In this seminar we will learn how to perform classification in the case of multiple balanced or imbalanced classes. 

The dataset, which we will use for this tutorial, is the smaller version of [Stanford Dogs Dataset](http://vision.stanford.edu/aditya86/ImageNetDogs/). The initial dataset consists of images of 120 breeds of dogs.

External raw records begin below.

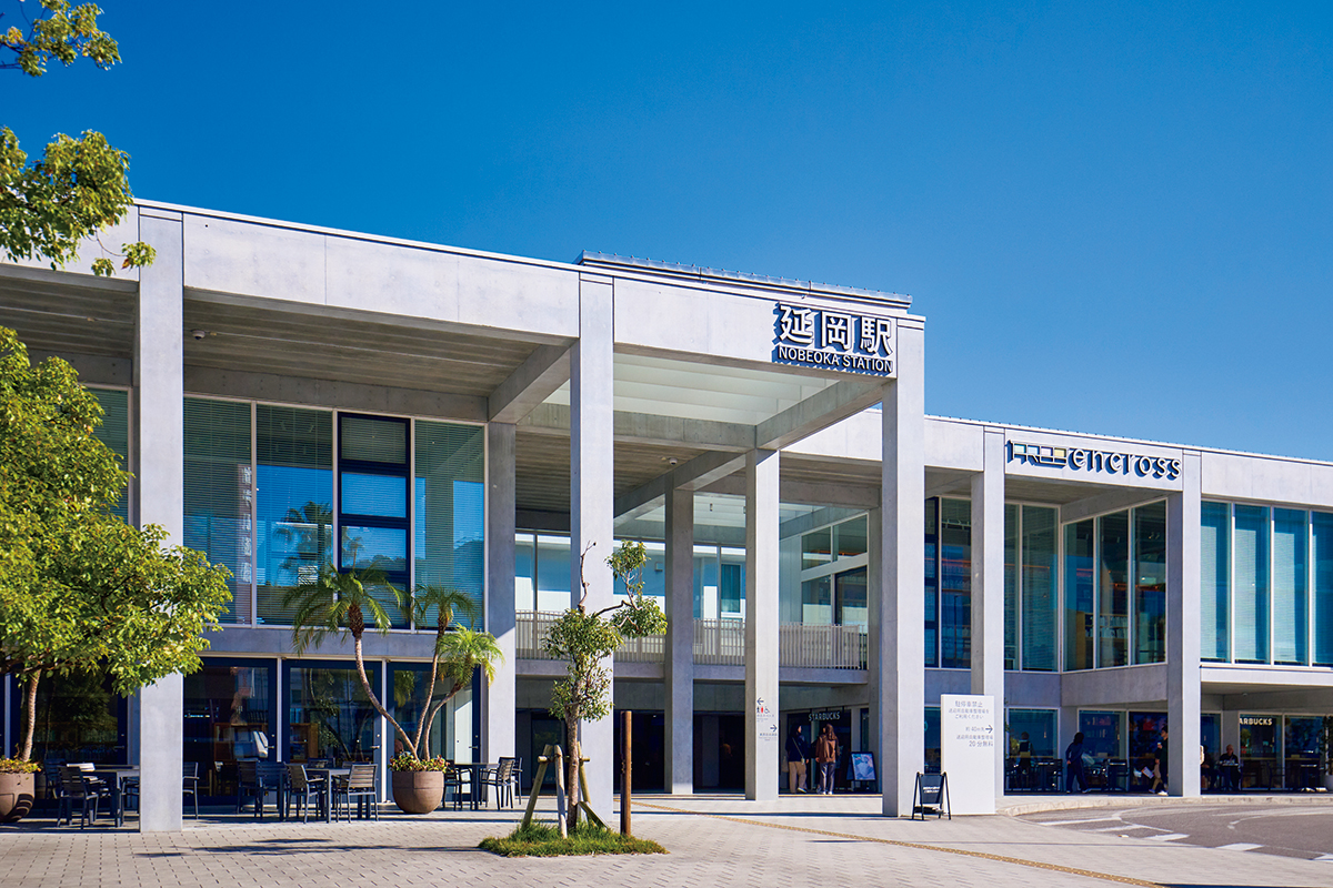 カフェ・書店・イベントで賑わいを生み出す延岡駅直結の施設「エンクロス」。ホームでは、蔦屋書店 延岡エンクロス店がセレクトした破れ饅頭やのべおか茶などの延岡名物を販売。
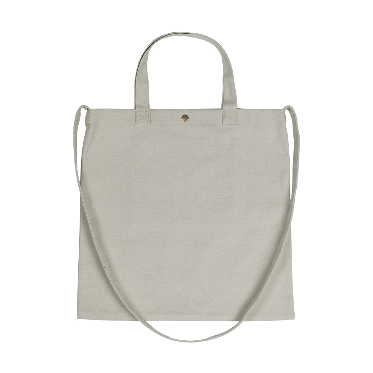 Bolsa de algodón de 12 onzas, con asas reforzadas y correa para el hombro. Esta bolsa te permite llevarla de manera que sea mas cómoda para ti, ya sea en el hombro o en el brazo. Cuenta con un broche metálico para mayor seguridad
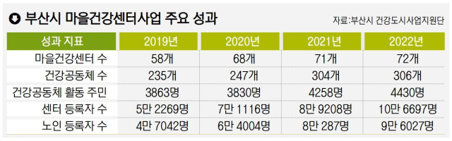 당초 2008년 부산시가 전국 시도 중 가장 연령표준화사망률이 높고, 기대수명이 가장 낮다는 조사 결과에 따라 건강마을사업이 시작됐다. 건강마을사업은 2016년 마을건강센터사업으로 전환했고, 센터도 16개에서 출발해 지난해 75개로 늘어났다.
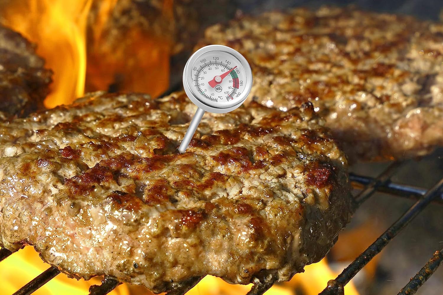 - [Instant Read Food Thermometer]: This 2 pack meat thermometer Temperature Range: 0° to 220°F / -20° to 100°C. Probe Length: 5-inches, Dial Diameter: 1-inches, A Cooking Thermometer displays true food temperature instantly to ensure safe food preparation.
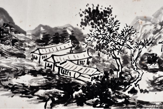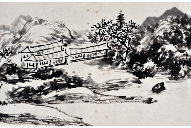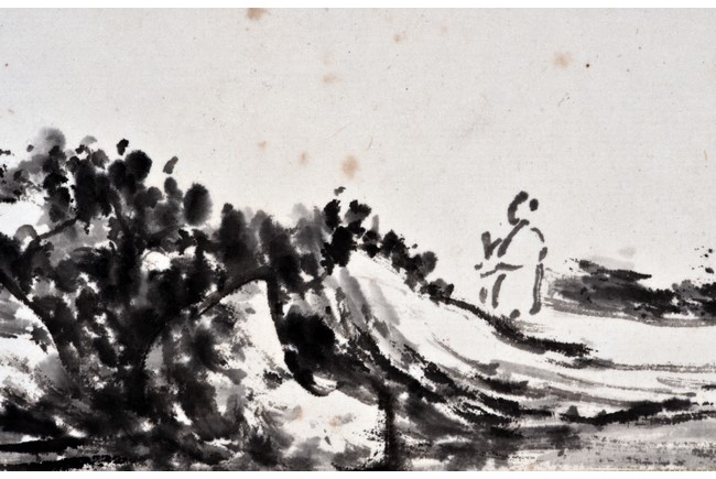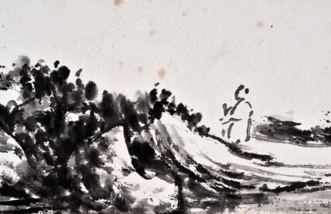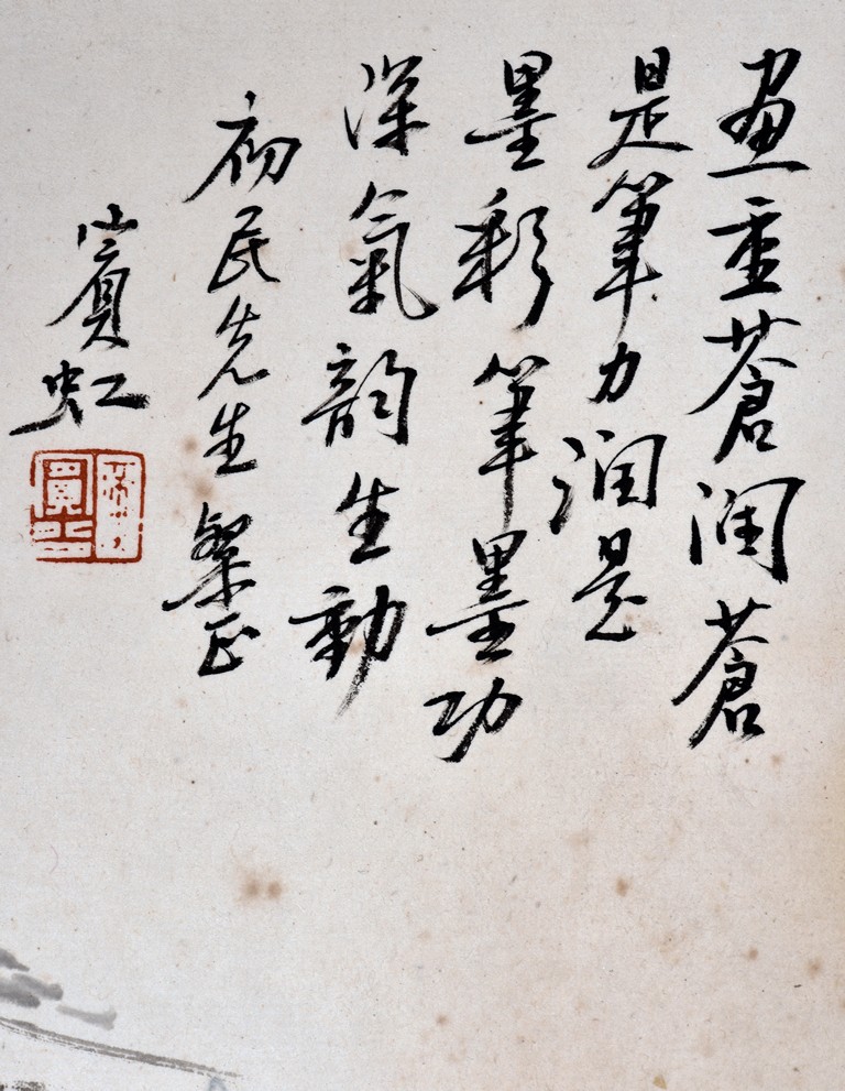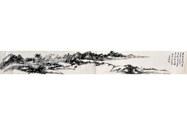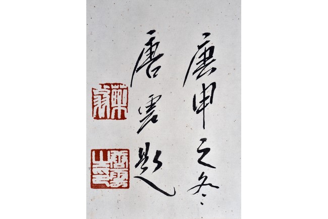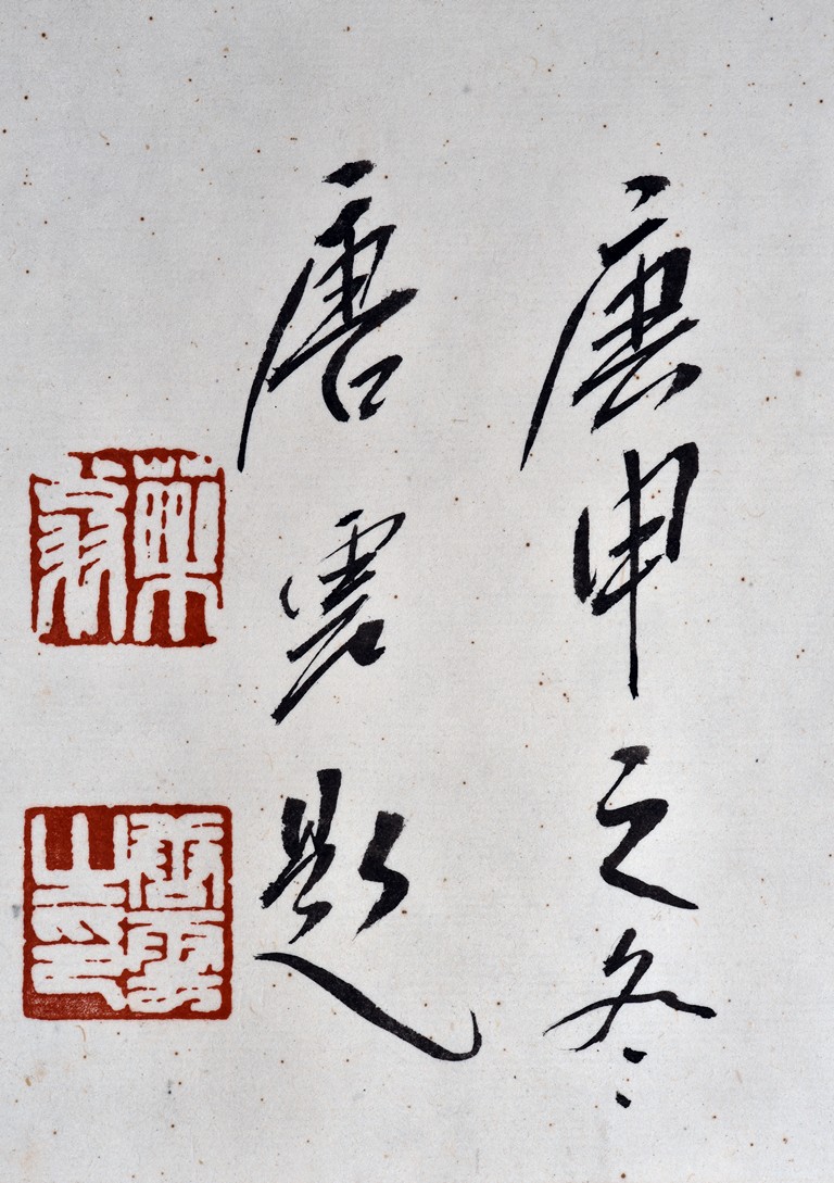 Ink on paper, scroll. Signed Binhong. One seal of the artist and two seals of collector, with a titleslip by Tang Yun (1910-1993). Attributed to Huang Binhong.

In our case we are going to use just 4 classes out of those 120.

![dogs_pic](https://dog.ceo/img/dog-api-fb.jpg)

#### The plan of the seminar:
* a small introduction to Stanford Dogs Dataset
* Producing the features of the images using the pretrained neural network (we will consider it as a black box)
* Multi-class classification methods: One-vs-One and One-vs-Rest
* Imbalanced dataset - why is it a problem?
* Imbalanced classification methods: Over and Under-Sampling, SMOTE 

Let us start with some library imports.

##### NOTES:
* Class description
* dataframe creation in class or in seminar

In [None]:
!pip install -U imbalanced-learn

In [None]:
!wget https://github.com/adasegroup/ML2021_seminars/raw/main/seminar8/data/dog_breeds.zip

In [None]:
!unzip -oqd "./" "dog_breeds.zip"

In [None]:
!ls .

In [None]:
!rm -rf ./__MACOSX ./sample_data .config ./dog_breeds.zip

In [None]:
import torch
import pandas as pd
import matplotlib.pyplot as plt
import urllib
%matplotlib inline
from PIL import Image
from torchvision import transforms
import os
import sklearn
import os.path
from tqdm.autonotebook import tqdm

In [None]:
paths_doggies = [i for i in os.listdir('./') if '.DS_' not in i] 

In [None]:
#if you load your data from the local directory
#################################
#path_doggies ="dog_breeds/small"
#paths_doggies = [path_doggies +'/'+ i for i in os.listdir(path_doggies) if '.DS_' not in i] 
#################################

<br>

Now let us have a look at the data

In [None]:
def img_show(img, ax, title = None):
    """
    Plots the image on the particular axis

    Parameters
    ----------
    img: Image,image to plot.
    axis: matplotlib axis to plot on.
    title: string, the title of the image
    
    """
    ax.imshow(img)
    ax.axis('off')
    if title:
        ax.set_title(title)

In [None]:
#images for plotting 
img_names = {}
for num, i in enumerate(paths_doggies[:4]):
    img_names.update({i.split('-')[-1]:paths_doggies[num]+'/'+os.listdir(i)[0]})


In [None]:
#plot the images from img_names
fig, ax = plt.subplots(1,4, figsize=(20,10))
k = 0
for i, key in enumerate(img_names.keys()):
    img_show(Image.open(img_names[key]), ax[i], title = key)
plt.show()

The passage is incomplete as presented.